-- Excerpted records follows --
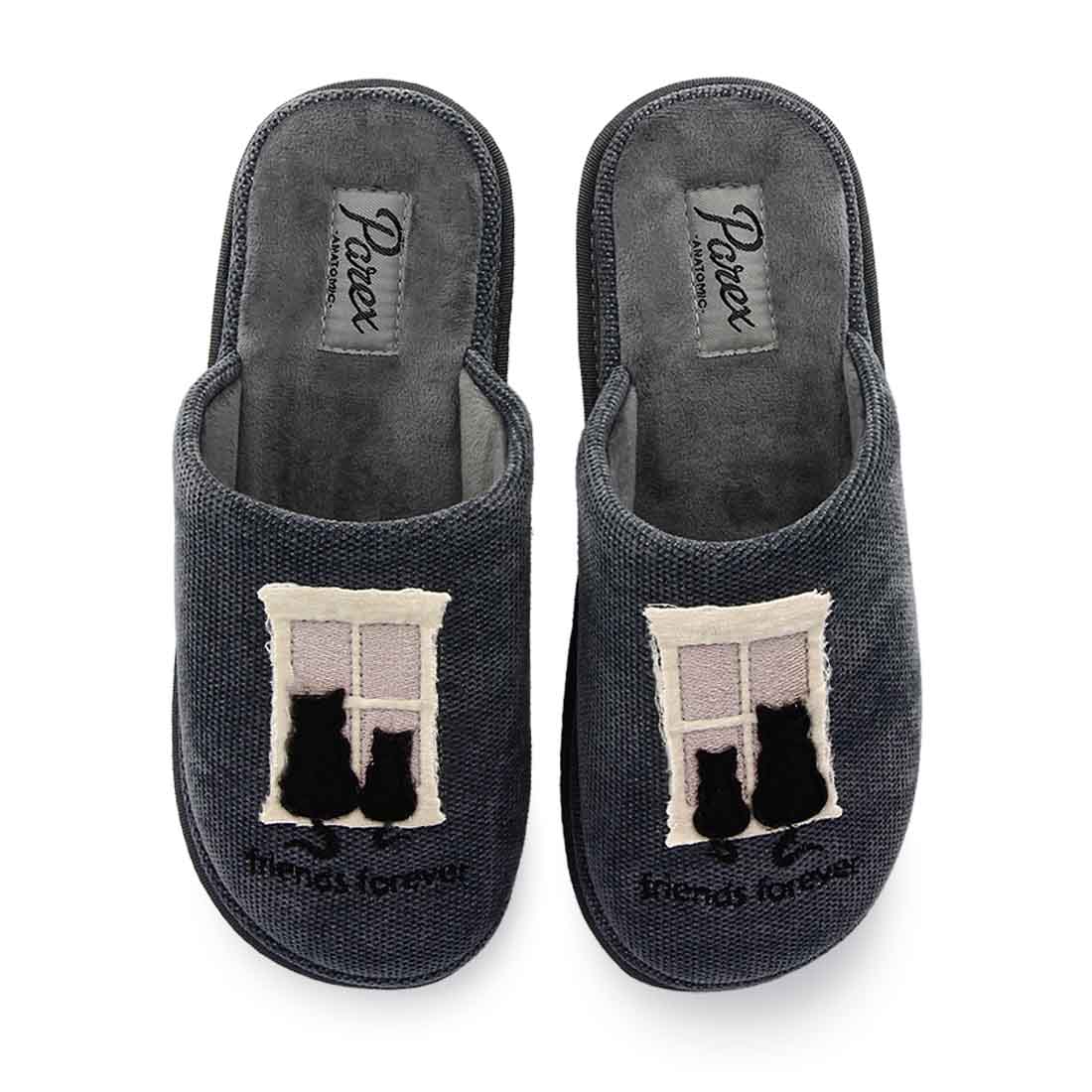 House slippers with cats in the window design. Fabric lining and non-slip sole. Design available in 2 colors. Washable at 30°C, keep them fresher for longer.
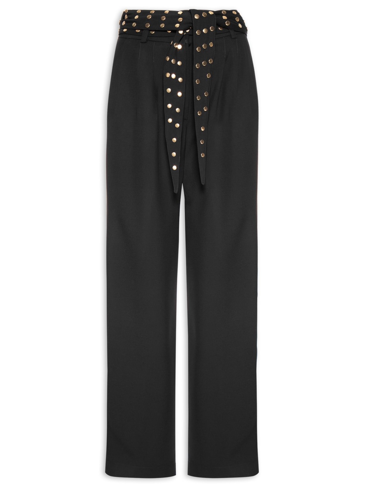 A calça preta é confeccionada em tecido leve sem elasticidade. A peça solta ao corpo possui cintura alta, cós com passantes aplicados, bolsos frontais de modelo faca, pregas frontais, bolsos posteriores, comprimento longo e fechamento frontal por zíper e colchete. Acompanha cinto em tira média da mesma cor e tecido com aplicação de tachas metalizadas para uso opcional.
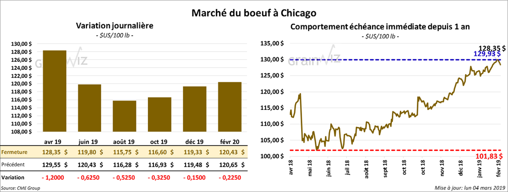 La majorité des contrats de bœuf à Chicago ont fini la journée au neutre à baissier de 1,20 $. Les contrats de veau ont eu une progression partagée. Ceux aux échéances les plus rapprochées ont clôturé en baisse. Ceux différés ont plutôt terminé la session au neutre à haussier de 1,075 $.
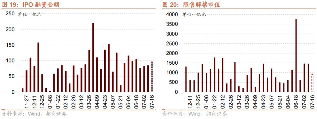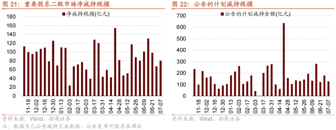 资金需求方面,上周(7/3-7/7)IPO融资金额回升至84.3亿元,共有9家公司进行IPO发行,截至7月7日公告,未来一周将有10家公司进行IPO发行,计划募资规模98.0亿元。重要股东净减持规模扩大,净减持80.4亿元;公告的计划减持规模128.1亿元,较前期下降。
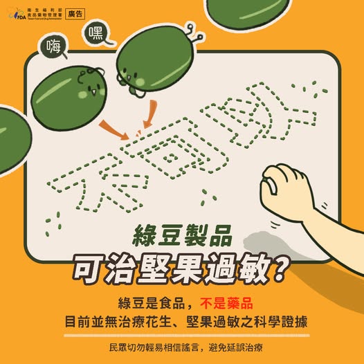 2.雖然網傳綠豆有清熱解毒的效果,含綠豆成分的製品對某些人亦可能引起過敏反應。且綠豆為食品非藥品,目前並無治療花生、堅果過敏之科學證據,民眾切勿輕易相信謠言,避免延誤治療。
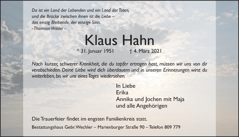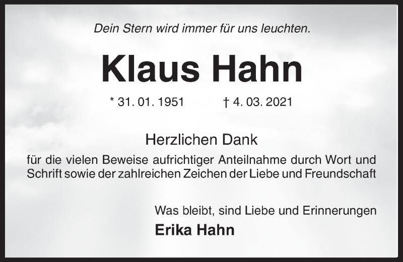 Hier finden Sie alle Traueranzeigen aus der Zeitung, die bisher für Klaus Hahn erschienen sind. Weitere Traueranzeigen, die in der Zeitung erscheinen, werden hier ebenfalls aufgelistet
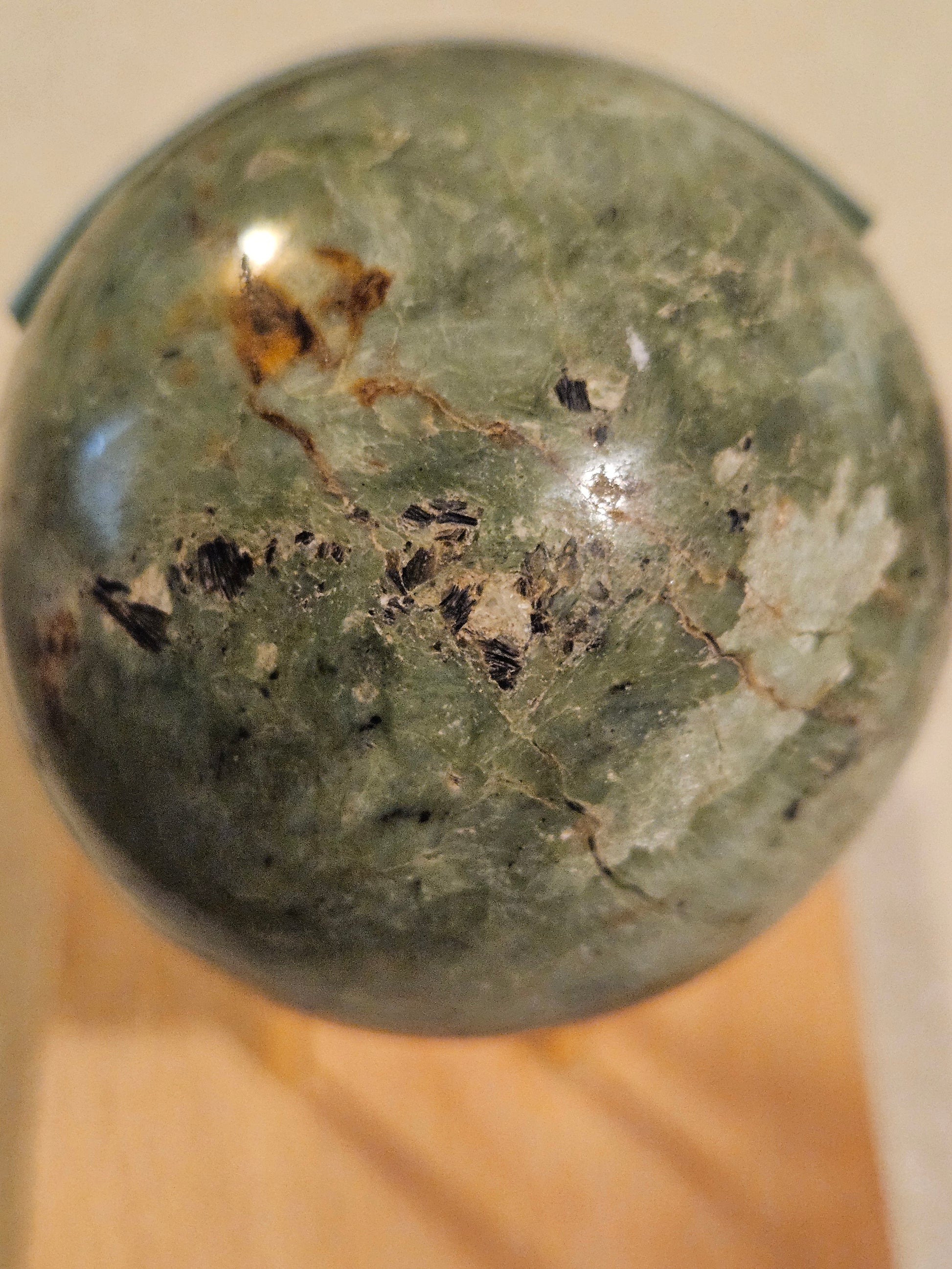 Olive Opal is helpful for raising one's spirits and letting go of preconceived ideas and assumptions, it strengthens the will to live and gives meaning to life. It is a cleansing and rejuvenating gemstone that promotes emotional recovery and helps your mind filter information. It is associated with the throat and heart chakras.
-- Excerpted records concluded --
* Required work: Write down the full listing above exactly as it is, except for any images.

* Reply to the exercise:
 House slippers with cats in the window design. Fabric lining and non-slip sole. Design available in 2 colors. Washable at 30°C, keep them fresher for longer.
 A calça preta é confeccionada em tecido leve sem elasticidade. A peça solta ao corpo possui cintura alta, cós com passantes aplicados, bolsos frontais de modelo faca, pregas frontais, bolsos posteriores, comprimento longo e fechamento frontal por zíper e colchete. Acompanha cinto em tira média da mesma cor e tecido com aplicação de tachas metalizadas para uso opcional.
 La majorité des contrats de bœuf à Chicago ont fini la journée au neutre à baissier de 1,20 $. Les contrats de veau ont eu une progression partagée. Ceux aux échéances les plus rapprochées ont clôturé en baisse. Ceux différés ont plutôt terminé la session au neutre à haussier de 1,075 $.
 资金需求方面,上周(7/3-7/7)IPO融资金额回升至84.3亿元,共有9家公司进行IPO发行,截至7月7日公告,未来一周将有10家公司进行IPO发行,计划募资规模98.0亿元。重要股东净减持规模扩大,净减持80.4亿元;公告的计划减持规模128.1亿元,较前期下降。
 2.雖然網傳綠豆有清熱解毒的效果,含綠豆成分的製品對某些人亦可能引起過敏反應。且綠豆為食品非藥品,目前並無治療花生、堅果過敏之科學證據,民眾切勿輕易相信謠言,避免延誤治療。
 Hier finden Sie alle Traueranzeigen aus der Zeitung, die bisher für Klaus Hahn erschienen sind. Weitere Traueranzeigen, die in der Zeitung erscheinen, werden hier ebenfalls aufgelistet
 Olive Opal is helpful for raising one's spirits and letting go of preconceived ideas and assumptions, it strengthens the will to live and gives meaning to life. It is a cleansing and rejuvenating gemstone that promotes emotional recovery and helps your mind filter information. It is associated with the throat and heart chakras.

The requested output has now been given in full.